- [WHAT TO WORK ON]: Reproduce the entries. Match every word.

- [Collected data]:
|---|

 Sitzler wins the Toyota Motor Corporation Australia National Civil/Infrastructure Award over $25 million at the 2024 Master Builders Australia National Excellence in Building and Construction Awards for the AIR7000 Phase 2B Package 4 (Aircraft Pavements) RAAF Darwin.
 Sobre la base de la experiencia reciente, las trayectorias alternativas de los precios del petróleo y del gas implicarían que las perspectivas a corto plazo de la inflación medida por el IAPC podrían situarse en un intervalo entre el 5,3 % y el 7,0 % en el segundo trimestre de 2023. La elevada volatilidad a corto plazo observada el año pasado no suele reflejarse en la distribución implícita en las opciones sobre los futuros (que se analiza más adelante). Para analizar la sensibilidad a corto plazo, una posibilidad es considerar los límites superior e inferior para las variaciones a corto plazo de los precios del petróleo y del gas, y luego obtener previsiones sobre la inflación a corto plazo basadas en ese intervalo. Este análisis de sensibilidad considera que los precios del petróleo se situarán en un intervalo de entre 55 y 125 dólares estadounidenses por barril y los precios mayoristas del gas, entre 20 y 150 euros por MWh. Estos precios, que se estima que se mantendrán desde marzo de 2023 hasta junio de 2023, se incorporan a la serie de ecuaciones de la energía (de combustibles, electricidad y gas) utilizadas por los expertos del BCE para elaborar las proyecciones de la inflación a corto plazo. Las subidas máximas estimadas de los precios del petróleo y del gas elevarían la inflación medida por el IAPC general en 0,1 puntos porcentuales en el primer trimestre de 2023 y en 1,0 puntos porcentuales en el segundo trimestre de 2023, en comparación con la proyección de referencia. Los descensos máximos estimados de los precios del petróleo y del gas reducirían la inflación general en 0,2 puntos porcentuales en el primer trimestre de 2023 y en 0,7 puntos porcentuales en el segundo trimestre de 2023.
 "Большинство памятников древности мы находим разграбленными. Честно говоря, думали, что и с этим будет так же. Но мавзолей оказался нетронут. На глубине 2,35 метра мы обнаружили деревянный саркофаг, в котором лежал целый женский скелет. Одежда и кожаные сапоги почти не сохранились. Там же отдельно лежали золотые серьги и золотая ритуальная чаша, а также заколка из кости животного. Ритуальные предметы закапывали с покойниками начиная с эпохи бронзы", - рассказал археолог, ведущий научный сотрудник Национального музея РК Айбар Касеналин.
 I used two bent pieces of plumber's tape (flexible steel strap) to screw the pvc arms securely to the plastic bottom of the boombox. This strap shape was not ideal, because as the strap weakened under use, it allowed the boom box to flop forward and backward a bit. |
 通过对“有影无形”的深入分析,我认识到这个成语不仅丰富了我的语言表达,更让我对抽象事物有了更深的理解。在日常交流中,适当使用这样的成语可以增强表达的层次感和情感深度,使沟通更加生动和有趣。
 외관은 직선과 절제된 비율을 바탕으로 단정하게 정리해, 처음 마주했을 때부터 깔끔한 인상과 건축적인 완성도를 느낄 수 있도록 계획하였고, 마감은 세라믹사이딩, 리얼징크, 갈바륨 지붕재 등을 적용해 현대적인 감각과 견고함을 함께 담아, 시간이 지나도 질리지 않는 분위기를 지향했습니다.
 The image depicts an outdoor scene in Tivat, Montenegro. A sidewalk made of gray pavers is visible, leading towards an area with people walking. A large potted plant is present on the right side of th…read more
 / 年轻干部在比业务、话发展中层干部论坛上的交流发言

|---|

- [WRITTEN ANSWER]:
 Sitzler wins the Toyota Motor Corporation Australia National Civil/Infrastructure Award over $25 million at the 2024 Master Builders Australia National Excellence in Building and Construction Awards for the AIR7000 Phase 2B Package 4 (Aircraft Pavements) RAAF Darwin.
 Sobre la base de la experiencia reciente, las trayectorias alternativas de los precios del petróleo y del gas implicarían que las perspectivas a corto plazo de la inflación medida por el IAPC podrían situarse en un intervalo entre el 5,3 % y el 7,0 % en el segundo trimestre de 2023. La elevada volatilidad a corto plazo observada el año pasado no suele reflejarse en la distribución implícita en las opciones sobre los futuros (que se analiza más adelante). Para analizar la sensibilidad a corto plazo, una posibilidad es considerar los límites superior e inferior para las variaciones a corto plazo de los precios del petróleo y del gas, y luego obtener previsiones sobre la inflación a corto plazo basadas en ese intervalo. Este análisis de sensibilidad considera que los precios del petróleo se situarán en un intervalo de entre 55 y 125 dólares estadounidenses por barril y los precios mayoristas del gas, entre 20 y 150 euros por MWh. Estos precios, que se estima que se mantendrán desde marzo de 2023 hasta junio de 2023, se incorporan a la serie de ecuaciones de la energía (de combustibles, electricidad y gas) utilizadas por los expertos del BCE para elaborar las proyecciones de la inflación a corto plazo. Las subidas máximas estimadas de los precios del petróleo y del gas elevarían la inflación medida por el IAPC general en 0,1 puntos porcentuales en el primer trimestre de 2023 y en 1,0 puntos porcentuales en el segundo trimestre de 2023, en comparación con la proyección de referencia. Los descensos máximos estimados de los precios del petróleo y del gas reducirían la inflación general en 0,2 puntos porcentuales en el primer trimestre de 2023 y en 0,7 puntos porcentuales en el segundo trimestre de 2023.
 "Большинство памятников древности мы находим разграбленными. Честно говоря, думали, что и с этим будет так же. Но мавзолей оказался нетронут. На глубине 2,35 метра мы обнаружили деревянный саркофаг, в котором лежал целый женский скелет. Одежда и кожаные сапоги почти не сохранились. Там же отдельно лежали золотые серьги и золотая ритуальная чаша, а также заколка из кости животного. Ритуальные предметы закапывали с покойниками начиная с эпохи бронзы", - рассказал археолог, ведущий научный сотрудник Национального музея РК Айбар Касеналин.
 I used two bent pieces of plumber's tape (flexible steel strap) to screw the pvc arms securely to the plastic bottom of the boombox. This strap shape was not ideal, because as the strap weakened under use, it allowed the boom box to flop forward and backward a bit. |
 通过对“有影无形”的深入分析,我认识到这个成语不仅丰富了我的语言表达,更让我对抽象事物有了更深的理解。在日常交流中,适当使用这样的成语可以增强表达的层次感和情感深度,使沟通更加生动和有趣。
 외관은 직선과 절제된 비율을 바탕으로 단정하게 정리해, 처음 마주했을 때부터 깔끔한 인상과 건축적인 완성도를 느낄 수 있도록 계획하였고, 마감은 세라믹사이딩, 리얼징크, 갈바륨 지붕재 등을 적용해 현대적인 감각과 견고함을 함께 담아, 시간이 지나도 질리지 않는 분위기를 지향했습니다.
 The image depicts an outdoor scene in Tivat, Montenegro. A sidewalk made of gray pavers is visible, leading towards an area with people walking. A large potted plant is present on the right side of th…read more
 / 年轻干部在比业务、话发展中层干部论坛上的交流发言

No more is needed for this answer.